[Data items]
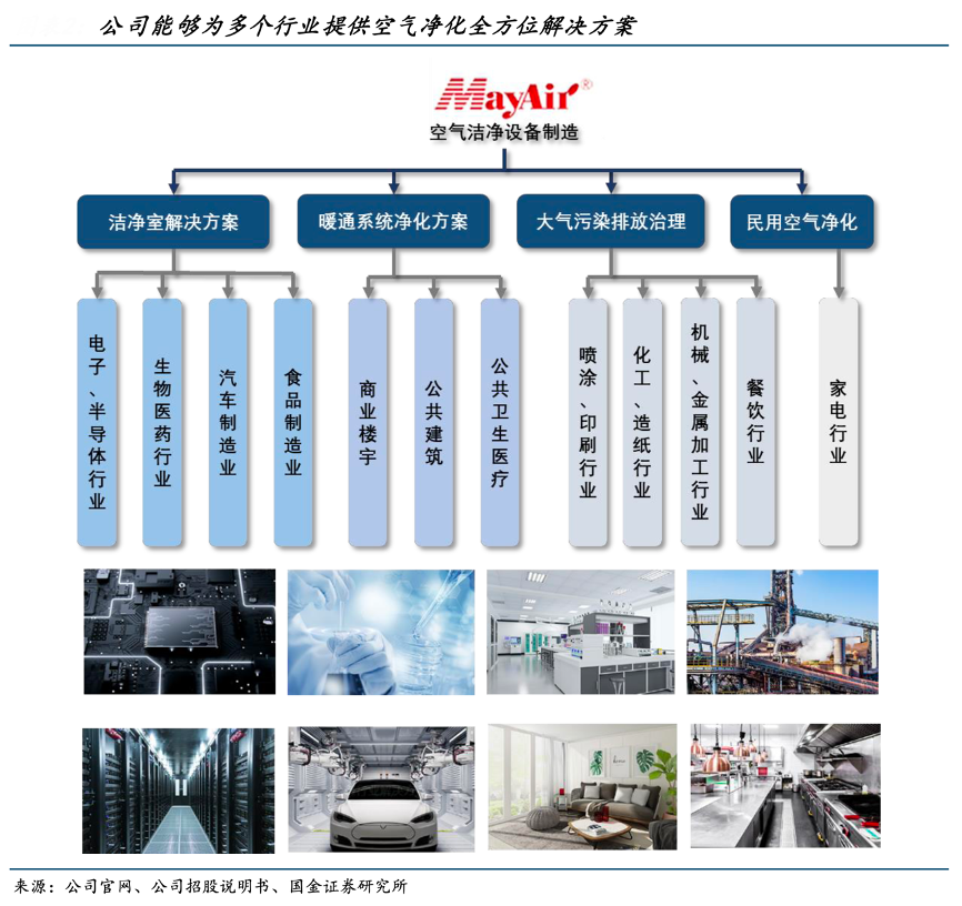 經典案例:根據公司官網、公司招股說明書、國金證券研究所等綜合資訊表明,美埃科技公司產品下游涉及多行業場景。(1)FFU+過濾器應用于半導體、生物制藥、食品加工等行業的潔凈廠房及潔凈室中;(2)空氣凈化設備用于生物制藥產線(生物安全、無菌凈化設備)、室內空氣凈化(商用、醫用、家用空氣凈化機)、工業生產(工業除塵設備/除油霧設備)、餐飲場景(除油煙凈化器)。
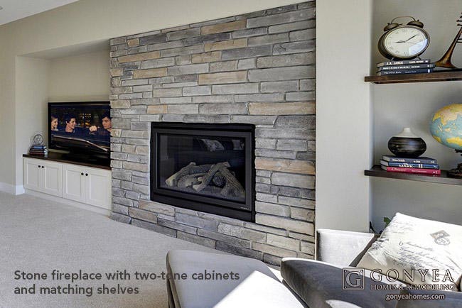Cabinet tops and shelves with coffee stain complement the light dusk carpet and horizontal lines of the ledgestone fireplace wall.
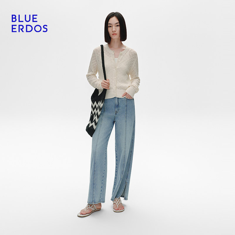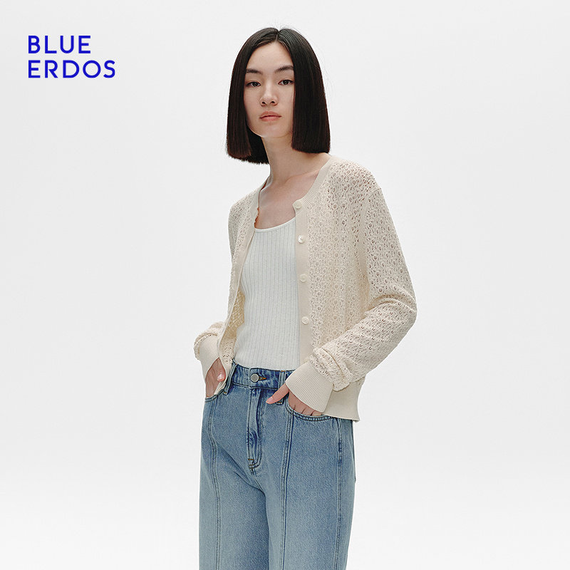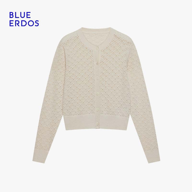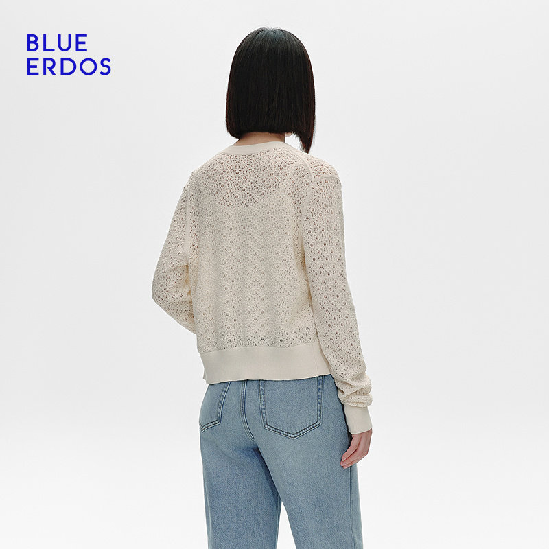 BLUE ERDOS冬季简约圆领短款蕾丝镂空针织开衫女B255D1026
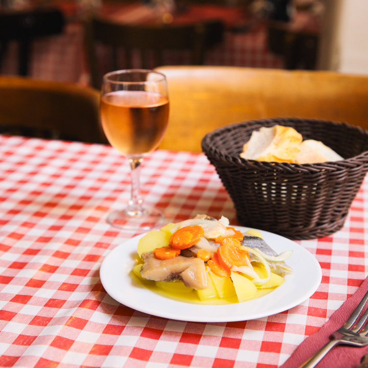 ニシンのオイル漬けは、フレンチの前菜としてポピュラーなメニュー。塩気とオリーブ&ビネガーオイル、野菜の甘みが調和し、シンプルでいてほっとする味。8€
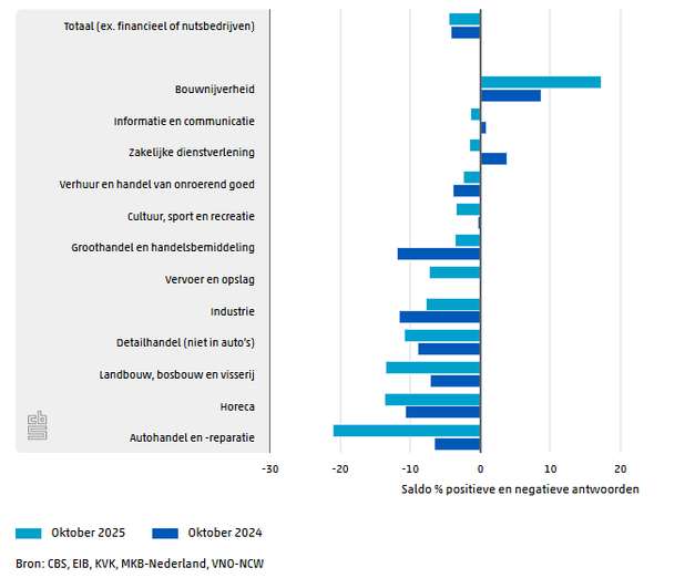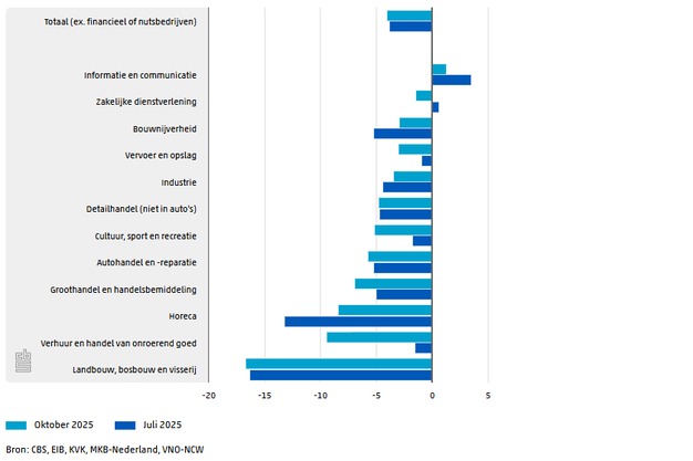 Aan het begin van het vierde kwartaal 2025 gaven meer ondernemers aan dat hun winstgevendheid is afgenomen dan toegenomen in het afgelopen kwartaal; het saldo was daarmee negatief. In acht van de twaalf bedrijfstakken zijn ondernemers negatiever over de winstgevendheid. Doordat ondernemers in de bouwnijverheid positiever zijn over hun winstgevendheid, is het totaalcijfer vrijwel hetzelfde als vorig jaar. Verder waren alleen in de groothandel, de industrie en de vastgoedsector ondernemers minder negatief dan een jaar geleden. In de autohandel en -reparatie waren ondernemers met een saldo van -21 procent het negatiefst over de ontwikkeling van hun winstgevendheid.

## What you are asked to do
Word for word, repeat the lines above from the one with "Cabinet tops and" through the one with "ニシンのオイル漬けは、フレン", and nothing beyond them. Omit the pictures.

## Response
Cabinet tops and shelves with coffee stain complement the light dusk carpet and horizontal lines of the ledgestone fireplace wall.
 BLUE ERDOS冬季简约圆领短款蕾丝镂空针织开衫女B255D1026
 ニシンのオイル漬けは、フレンチの前菜としてポピュラーなメニュー。塩気とオリーブ&ビネガーオイル、野菜の甘みが調和し、シンプルでいてほっとする味。8€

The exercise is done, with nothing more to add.